- **TASK ITEM**: Give again, exactly as written, the lines of the records below from the line with "Long Sleeve Solid" to the line with "Gadehunde.dk samarbejder med". Both end lines count; pictures do not.

- **ENTRIES PROVIDED**:
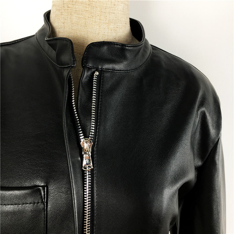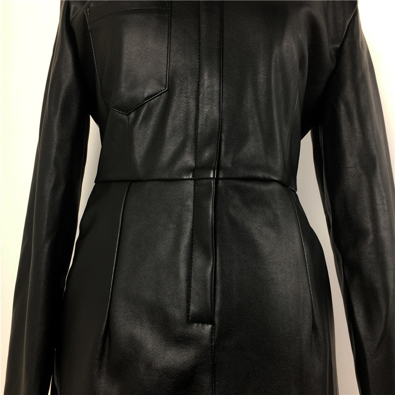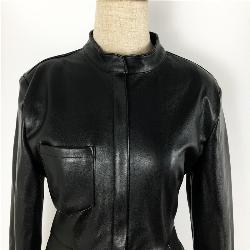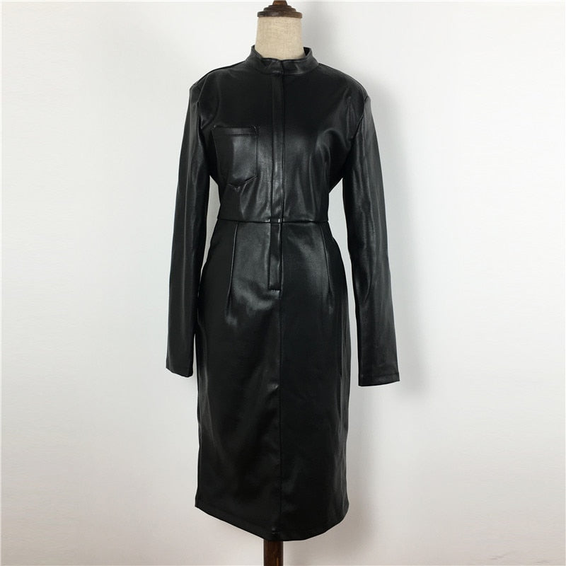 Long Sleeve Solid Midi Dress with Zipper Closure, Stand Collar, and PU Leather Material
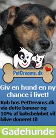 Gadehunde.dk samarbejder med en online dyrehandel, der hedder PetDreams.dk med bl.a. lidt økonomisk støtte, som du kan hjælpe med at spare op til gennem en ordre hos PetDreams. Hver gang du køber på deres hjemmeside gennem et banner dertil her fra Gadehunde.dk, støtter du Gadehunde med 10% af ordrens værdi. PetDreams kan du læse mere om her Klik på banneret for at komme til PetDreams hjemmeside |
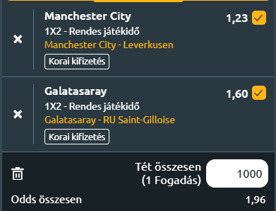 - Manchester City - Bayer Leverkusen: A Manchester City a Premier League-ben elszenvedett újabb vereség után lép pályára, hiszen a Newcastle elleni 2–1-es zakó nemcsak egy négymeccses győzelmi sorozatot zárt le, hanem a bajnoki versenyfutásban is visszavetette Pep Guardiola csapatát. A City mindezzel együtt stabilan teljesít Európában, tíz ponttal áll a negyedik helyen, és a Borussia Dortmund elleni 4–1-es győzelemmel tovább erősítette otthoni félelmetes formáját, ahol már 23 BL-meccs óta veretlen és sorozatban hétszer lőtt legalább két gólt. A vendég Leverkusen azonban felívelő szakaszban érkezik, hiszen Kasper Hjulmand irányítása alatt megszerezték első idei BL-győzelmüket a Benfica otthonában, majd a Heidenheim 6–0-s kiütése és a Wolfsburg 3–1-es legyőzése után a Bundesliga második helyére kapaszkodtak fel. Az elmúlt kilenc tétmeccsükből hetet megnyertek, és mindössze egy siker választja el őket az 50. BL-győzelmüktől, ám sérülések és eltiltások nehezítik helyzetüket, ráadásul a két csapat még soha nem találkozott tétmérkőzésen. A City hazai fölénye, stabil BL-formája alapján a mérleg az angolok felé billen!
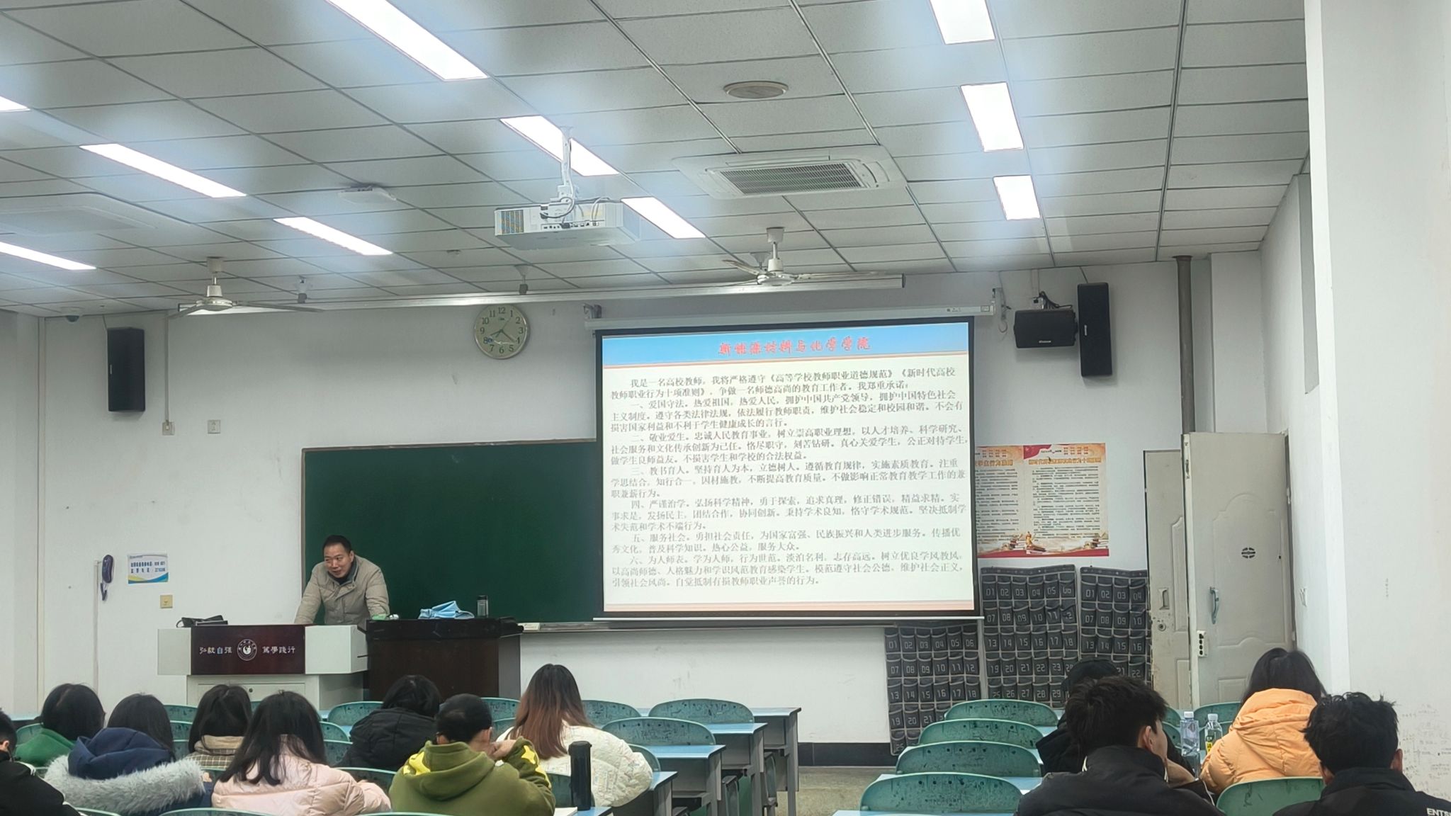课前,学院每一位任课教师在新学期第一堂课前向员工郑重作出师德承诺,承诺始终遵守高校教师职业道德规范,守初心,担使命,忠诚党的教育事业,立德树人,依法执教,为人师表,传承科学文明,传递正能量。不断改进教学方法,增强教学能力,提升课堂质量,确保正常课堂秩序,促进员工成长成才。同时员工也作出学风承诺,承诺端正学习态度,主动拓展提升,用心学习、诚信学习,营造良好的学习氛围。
* * *
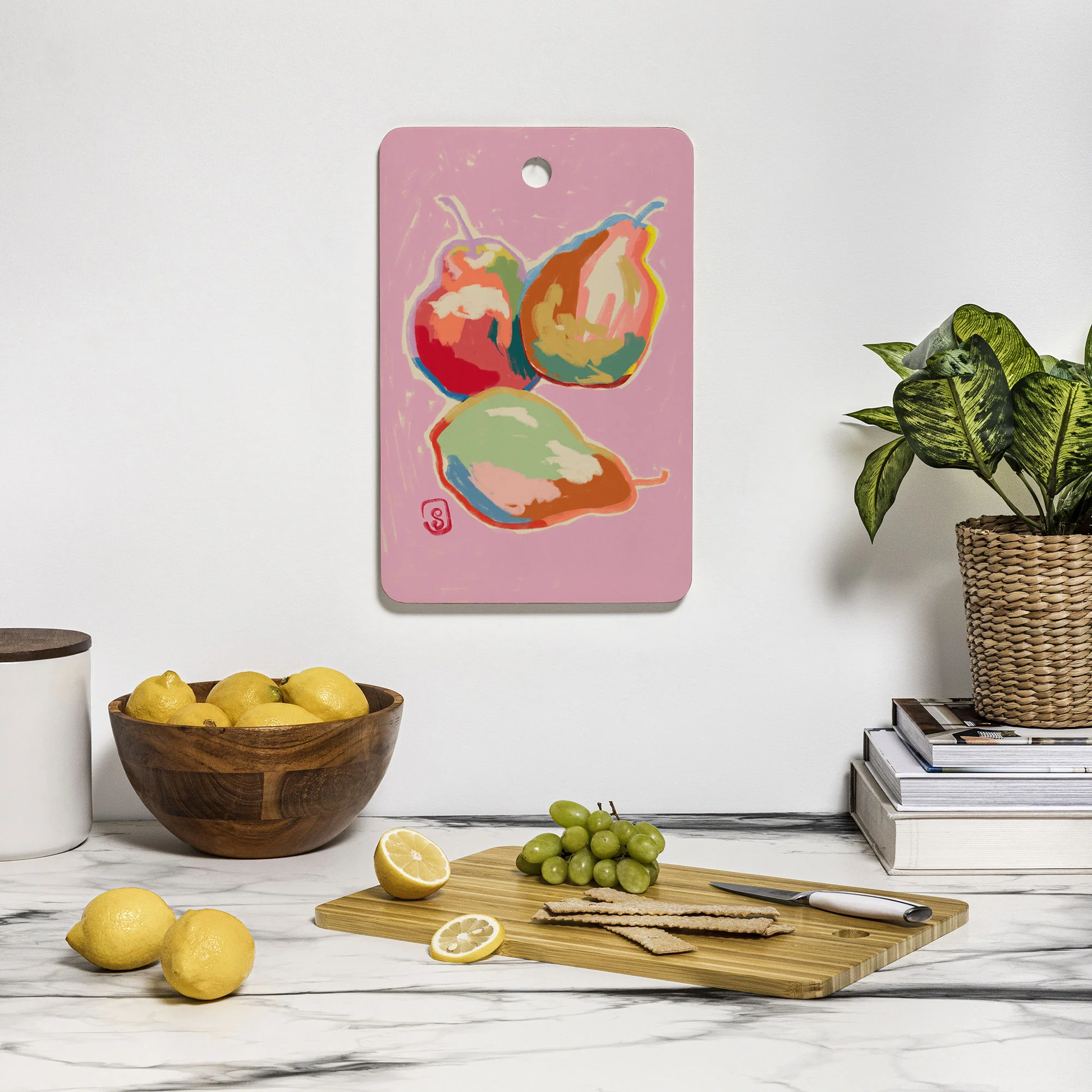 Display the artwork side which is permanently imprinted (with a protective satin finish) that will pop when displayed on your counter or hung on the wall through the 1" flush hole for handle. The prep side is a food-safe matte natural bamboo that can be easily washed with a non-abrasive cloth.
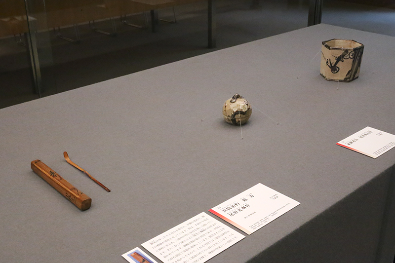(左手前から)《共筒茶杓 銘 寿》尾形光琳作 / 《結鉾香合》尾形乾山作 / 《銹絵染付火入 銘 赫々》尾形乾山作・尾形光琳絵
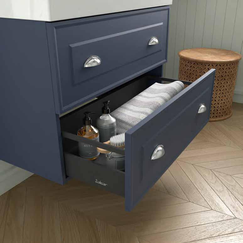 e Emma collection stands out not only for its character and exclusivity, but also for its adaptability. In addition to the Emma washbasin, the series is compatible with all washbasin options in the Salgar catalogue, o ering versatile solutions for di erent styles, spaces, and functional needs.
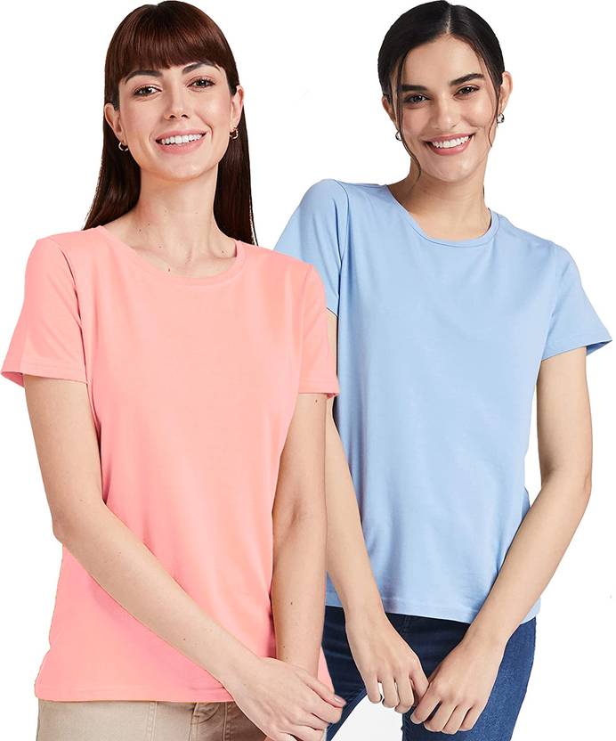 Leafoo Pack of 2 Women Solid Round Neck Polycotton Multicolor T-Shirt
---
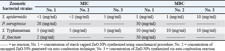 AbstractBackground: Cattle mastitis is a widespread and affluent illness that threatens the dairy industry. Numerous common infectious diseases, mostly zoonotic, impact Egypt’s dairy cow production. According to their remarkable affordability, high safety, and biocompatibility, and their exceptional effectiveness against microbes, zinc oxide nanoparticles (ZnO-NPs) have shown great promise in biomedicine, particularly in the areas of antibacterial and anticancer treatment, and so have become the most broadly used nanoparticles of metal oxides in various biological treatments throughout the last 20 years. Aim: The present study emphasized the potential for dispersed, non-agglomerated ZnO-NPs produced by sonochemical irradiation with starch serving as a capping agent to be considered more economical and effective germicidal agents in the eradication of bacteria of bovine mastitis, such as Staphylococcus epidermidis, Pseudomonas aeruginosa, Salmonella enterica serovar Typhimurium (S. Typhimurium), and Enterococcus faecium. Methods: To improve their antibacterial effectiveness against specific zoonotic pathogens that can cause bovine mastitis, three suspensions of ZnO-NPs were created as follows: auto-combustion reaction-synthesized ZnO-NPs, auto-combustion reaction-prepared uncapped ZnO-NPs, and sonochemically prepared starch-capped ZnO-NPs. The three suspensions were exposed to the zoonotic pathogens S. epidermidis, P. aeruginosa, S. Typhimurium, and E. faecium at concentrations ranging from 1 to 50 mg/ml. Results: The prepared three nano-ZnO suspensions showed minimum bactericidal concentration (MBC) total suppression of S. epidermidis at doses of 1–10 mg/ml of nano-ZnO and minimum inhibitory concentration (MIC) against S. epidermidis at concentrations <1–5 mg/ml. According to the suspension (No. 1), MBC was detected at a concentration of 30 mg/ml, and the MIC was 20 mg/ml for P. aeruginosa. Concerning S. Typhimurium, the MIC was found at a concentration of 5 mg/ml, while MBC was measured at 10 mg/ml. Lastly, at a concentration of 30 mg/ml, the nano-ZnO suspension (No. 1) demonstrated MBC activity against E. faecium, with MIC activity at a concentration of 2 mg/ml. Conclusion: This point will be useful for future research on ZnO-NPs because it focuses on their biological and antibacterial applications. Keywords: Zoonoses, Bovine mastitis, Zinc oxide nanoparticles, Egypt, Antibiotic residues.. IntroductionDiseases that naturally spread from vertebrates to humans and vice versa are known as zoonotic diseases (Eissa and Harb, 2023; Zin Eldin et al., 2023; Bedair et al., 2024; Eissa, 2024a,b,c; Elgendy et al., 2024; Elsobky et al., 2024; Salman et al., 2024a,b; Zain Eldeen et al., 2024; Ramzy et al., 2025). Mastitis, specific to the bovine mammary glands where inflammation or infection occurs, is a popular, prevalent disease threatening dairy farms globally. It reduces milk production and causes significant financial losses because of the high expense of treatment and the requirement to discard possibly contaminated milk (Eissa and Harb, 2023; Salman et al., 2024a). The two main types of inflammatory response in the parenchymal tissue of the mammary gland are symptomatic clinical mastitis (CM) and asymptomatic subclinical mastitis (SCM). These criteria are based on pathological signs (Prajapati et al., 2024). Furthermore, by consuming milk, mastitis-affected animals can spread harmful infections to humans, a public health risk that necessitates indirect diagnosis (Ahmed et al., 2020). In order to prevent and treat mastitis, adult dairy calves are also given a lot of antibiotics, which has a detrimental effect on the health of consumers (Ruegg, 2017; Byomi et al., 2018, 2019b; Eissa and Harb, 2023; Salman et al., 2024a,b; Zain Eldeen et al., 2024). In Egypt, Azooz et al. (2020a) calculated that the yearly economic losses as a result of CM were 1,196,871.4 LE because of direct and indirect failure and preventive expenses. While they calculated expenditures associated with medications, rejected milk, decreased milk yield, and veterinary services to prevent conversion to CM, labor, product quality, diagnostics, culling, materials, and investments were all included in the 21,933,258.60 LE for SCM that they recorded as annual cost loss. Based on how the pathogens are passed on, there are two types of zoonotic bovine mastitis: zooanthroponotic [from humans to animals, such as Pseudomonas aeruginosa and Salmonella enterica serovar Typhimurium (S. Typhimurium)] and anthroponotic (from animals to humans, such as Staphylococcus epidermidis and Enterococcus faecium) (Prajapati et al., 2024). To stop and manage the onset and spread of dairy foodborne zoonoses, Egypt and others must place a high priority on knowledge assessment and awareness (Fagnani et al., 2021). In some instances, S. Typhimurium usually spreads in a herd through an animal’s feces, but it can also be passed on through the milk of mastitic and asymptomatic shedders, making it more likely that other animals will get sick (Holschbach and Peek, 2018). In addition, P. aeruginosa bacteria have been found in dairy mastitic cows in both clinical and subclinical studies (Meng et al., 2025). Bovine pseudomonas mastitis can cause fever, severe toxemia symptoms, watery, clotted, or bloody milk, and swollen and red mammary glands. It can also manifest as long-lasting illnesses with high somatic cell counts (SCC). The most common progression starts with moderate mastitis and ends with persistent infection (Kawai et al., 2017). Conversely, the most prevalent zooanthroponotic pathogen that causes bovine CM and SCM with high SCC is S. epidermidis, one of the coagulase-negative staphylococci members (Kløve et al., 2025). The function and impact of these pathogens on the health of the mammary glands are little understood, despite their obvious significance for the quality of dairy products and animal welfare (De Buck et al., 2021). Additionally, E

- **WRITTEN ANSWER**:
 Long Sleeve Solid Midi Dress with Zipper Closure, Stand Collar, and PU Leather Material
 Gadehunde.dk samarbejder med en online dyrehandel, der hedder PetDreams.dk med bl.a. lidt økonomisk støtte, som du kan hjælpe med at spare op til gennem en ordre hos PetDreams. Hver gang du køber på deres hjemmeside gennem et banner dertil her fra Gadehunde.dk, støtter du Gadehunde med 10% af ordrens værdi. PetDreams kan du læse mere om her Klik på banneret for at komme til PetDreams hjemmeside |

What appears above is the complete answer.